Они обходят заминированную пойму и попадают на старые, разбитые позиции — окопы и пулеметные гнезда, в которых теперь отхожее место и которые они удерживали бог знает когда, а уже за ними — в прозрачный по-осеннему лес. Идут не таясь, презирая опасность. Срывают чужеродные флаги. Беспечно разбредаются, чувствуя пустоту: в противнике, в природе.

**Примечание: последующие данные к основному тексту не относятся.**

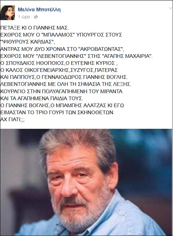 Η Μελίνα Μποτέλλη είχε συνεργαστεί με τον Γιάννη Βόγλη σε πολλές τηλεοπτικές σειρές. Συγκεκριμένα στους «Ψίθυρους καρδιάς», στο «Ακροβατώντας» και στης «Αγάπης μαχαιριά». Μέσω της προσωπικής της σελίδας στο Facebook, η Μελίνα Μποτέλλη αποχαιρέτησε τον σπουδαίο Γιάννη Βόγλη με ένα συγκλονιστικό μήνυμα: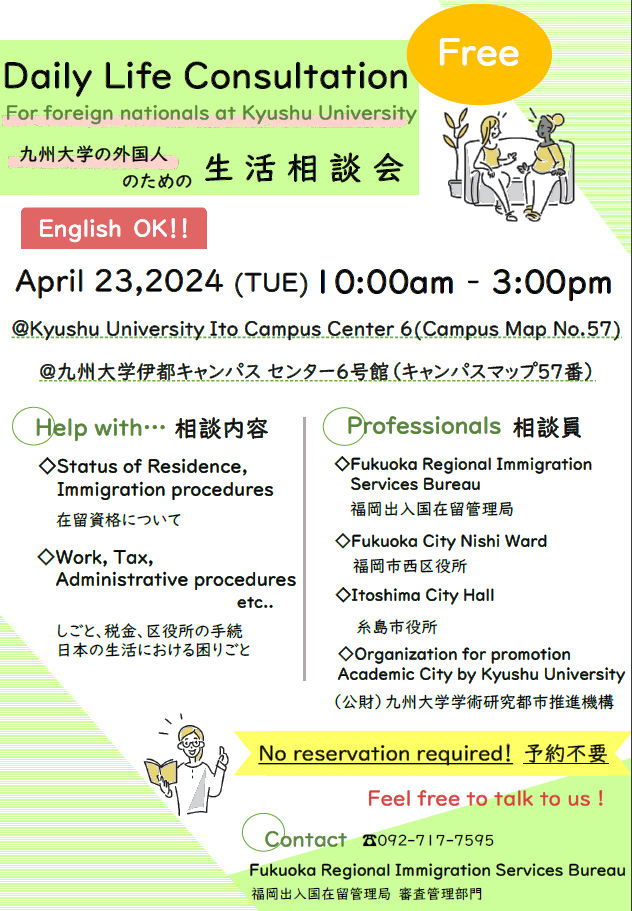 福岡出入国在留管理局が、伊都キャンパスで「生活相談会」を開催することになりましたので、お知らせします。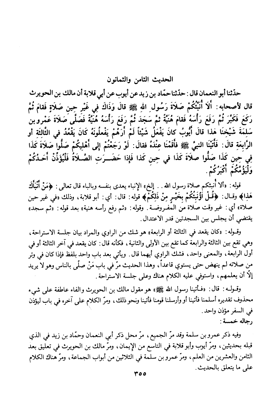 وفيه ذكر عمرو بن سلمة وقد مرّ الجميع، مرّ محل ذكر أبي النعمان وحمّاد بن زيد في الذي قبله بحديثين، ومرّ أيوب وأبو قلابة في التاسع من الإِيمان، ومرّ مالك بن الحويرث في تعليق بعد الثامن والعشرين من العلم، ومرّ عمرو بن سلمة في الثلاثين من أبواب الجماعة، ومرّ هناك الكلام على ما يتعلق بالحديث.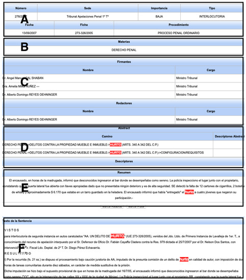 The National Jurisprudence Base’s (NJB) mission is to provide public access to the decisions of the different courts of the Judicial Branch, online and for free. Although formally jurisprudence and customs are not a source of law in our country, they constitute important precedents for all the actors in a judicial process. Since its creation in 2008, rulings from different courts have been systematically added to the NJB, including those from the Supreme Court of Justice (SCJ), the Courts of Appeals and from the Courts of First Instance (the latter still in the process of incorporation). Nowadays, the digital legal database has around 80,000 documents, publicly available on an Internet portal (http://bjn.poderjudicial.gub.uy, 12 December 2021). In Figure 1, we show an example of a document provided by the NJB portal.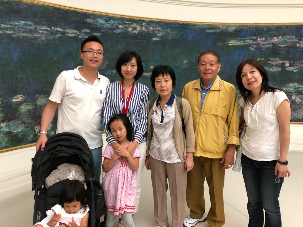 八月中旬,我們約了阿公、阿嬤一起到法國找阿姑一家玩,第一站抵達阿姑在巴黎的家,一放下行李,Chelsea 迫不及待地要到橘園美術館欣賞莫內的畫作,館藏 360度的四季荷花池是莫內最有名的作品之一。

В центре, на поляне, иноземная БМП — «Визель» — начертано латиницей, какие-то машины с антеннами, пункт управления внутри большой палатки, обложенной мешками, где находят еще горячий кофе в чашках.

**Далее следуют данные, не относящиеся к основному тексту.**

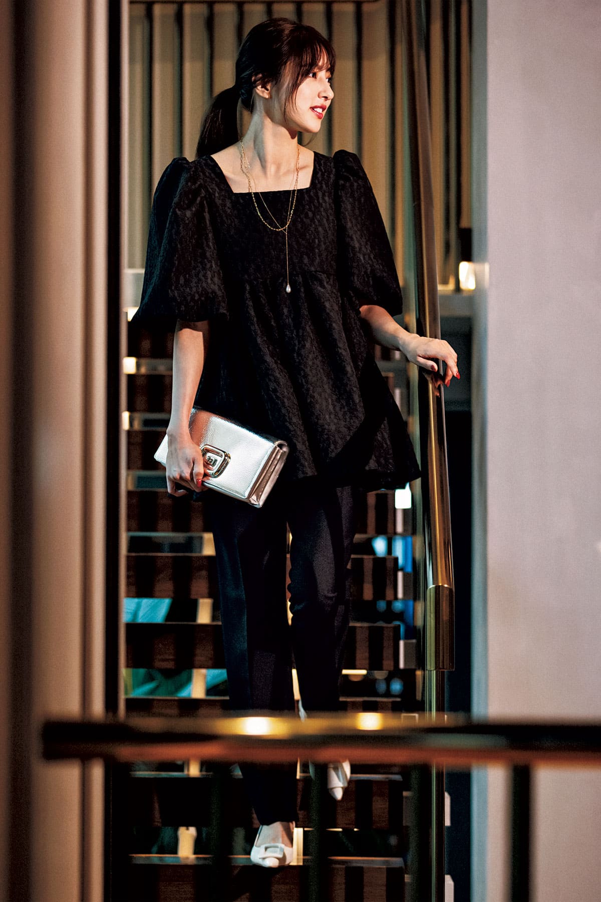 顔映りも完璧なスクエアネックのブラウスには、さらっとまとめたヘアスタイルがバランスよし。ボリューム袖にフレアシルエットとトレンドが詰まっている分、シンプルな黒パンツで上品に。バッグと靴は爽やかな白で、特別な日のムードを盛り上げたい。ブラウス¥25,300(ユー バイ スピック&スパン/ユー バイ スピック&スパン ルミネ新宿店)パンツ¥49,500(ハーヴェルスタジオ/アルアバイル)クラッチバッグ¥407,000パンプス¥116,600(ともにロジェ ヴィヴィエ/ロジェ・ヴィヴィエ・ジャパン)チェーンネックレス¥17,600ロングネックレス¥73,700(ともにマリハ)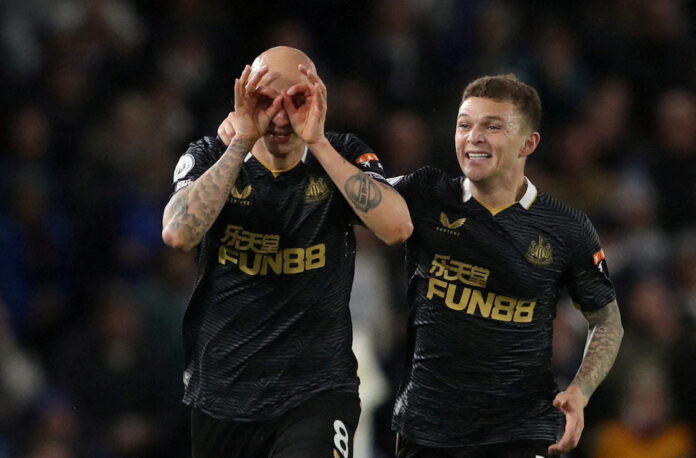 Newcastle United’s Jonjo Shelvey celebrates scoring their first goal with Kieran Trippier, January 22, 2022. — Reuters pic
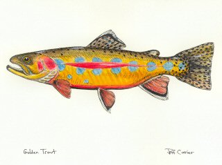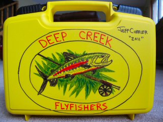 I also managed to catch up on some art projects. I decorated some Cliff fly boxes for Travis Mason of Deep Creek Fly Fishers in California. This is a great club that I’ve spoke at in the past. I know Travis from my visit to the club and ran into him again while at the Pasadena Fly Fishing Show last month. Deep Creek has one of the best looking club hats I’ve seen and Travis generously sent me not only one of the hats but also a club t-shirt. Being in California last month also got me fired up about golden trout so I painted one up this week. I plan to frame him up and hang him in my den until I stock up some of the local art galleries for summer.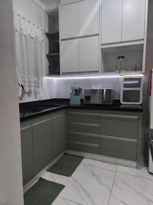 Cozinha com pia em granito preto
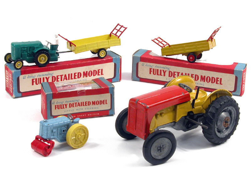longueur de l'ensemble 17,5 cm - moteur à clef (fonctionne) - manque volant - avec clef - on y joint une remorque à foin & une boîte vide de la même référence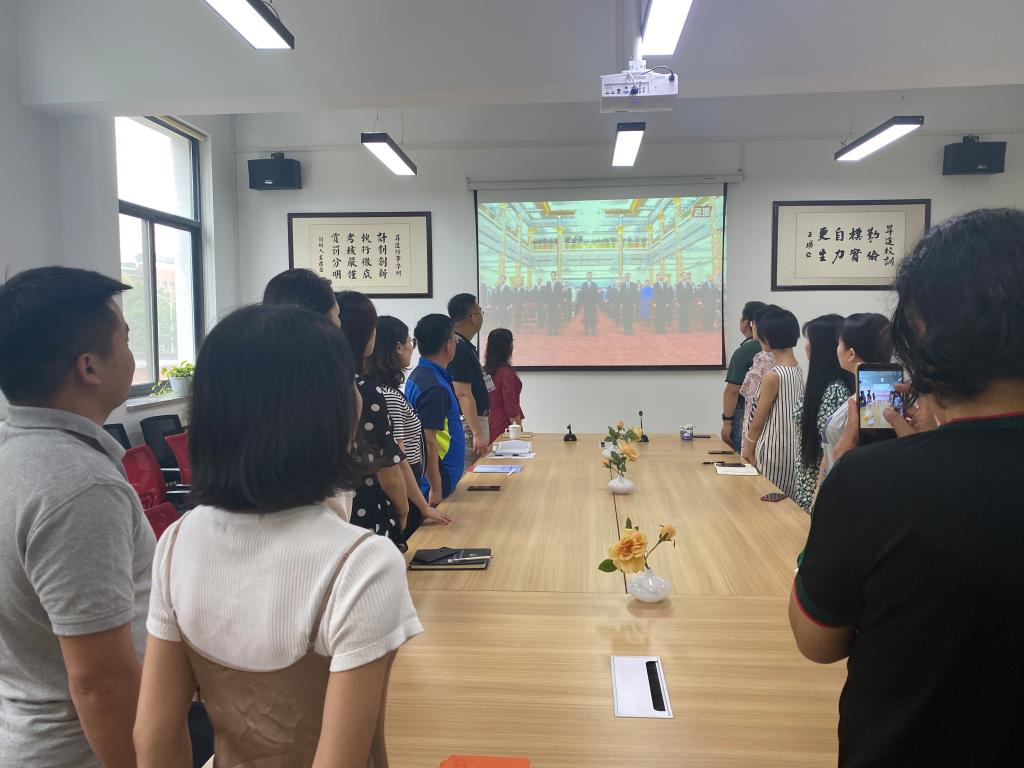 在“七一勋章”颁授仪式的直播过程中,公司员工也高度关注直播盛况,并在宿舍通过电脑或手机客户端进行了观看。

Они валятся прямо на землю, между ящиками, радиоузлом и каким-то экзотическим оборудованием с мигающими огоньками.
— Смотри, — удивляется Серега Чибисов, — они наш коньяк трескают! — Пьет «Клинков» прямо из горлышка.
Ему приятно наблюдать, как он это делает — со вкусом и чувством, смакуя каждый глоток. Это момент, загадывает Он, должен продолжаться вечно. Вообще, Он вдруг замечает в себе сентиментальные чувства. Пытается бороться с ними. Прячет улыбку. Он не боится показаться слабым, просто у них так не принято.
Серега Чибисов протягивает бутылку. Он тоже пьет, чувствуя, что коньяк хорош. Передает Владу Ширяеву. И не может удержать улыбку. И вдруг они втроем начинают безудержно смеяться. Катаются по земле, хлопая себя ладонями. Каски сползают на глаза, подсумки топорщатся, как распашонки.
Он вспоминает, что у него кончились патроны:
— У тебя остались?
— Нет! — Влад стучит себя по бокам. — Пустой. — И разводит руками. — Ты ж по нам все расстрелял…
— Как? — удивляется Он.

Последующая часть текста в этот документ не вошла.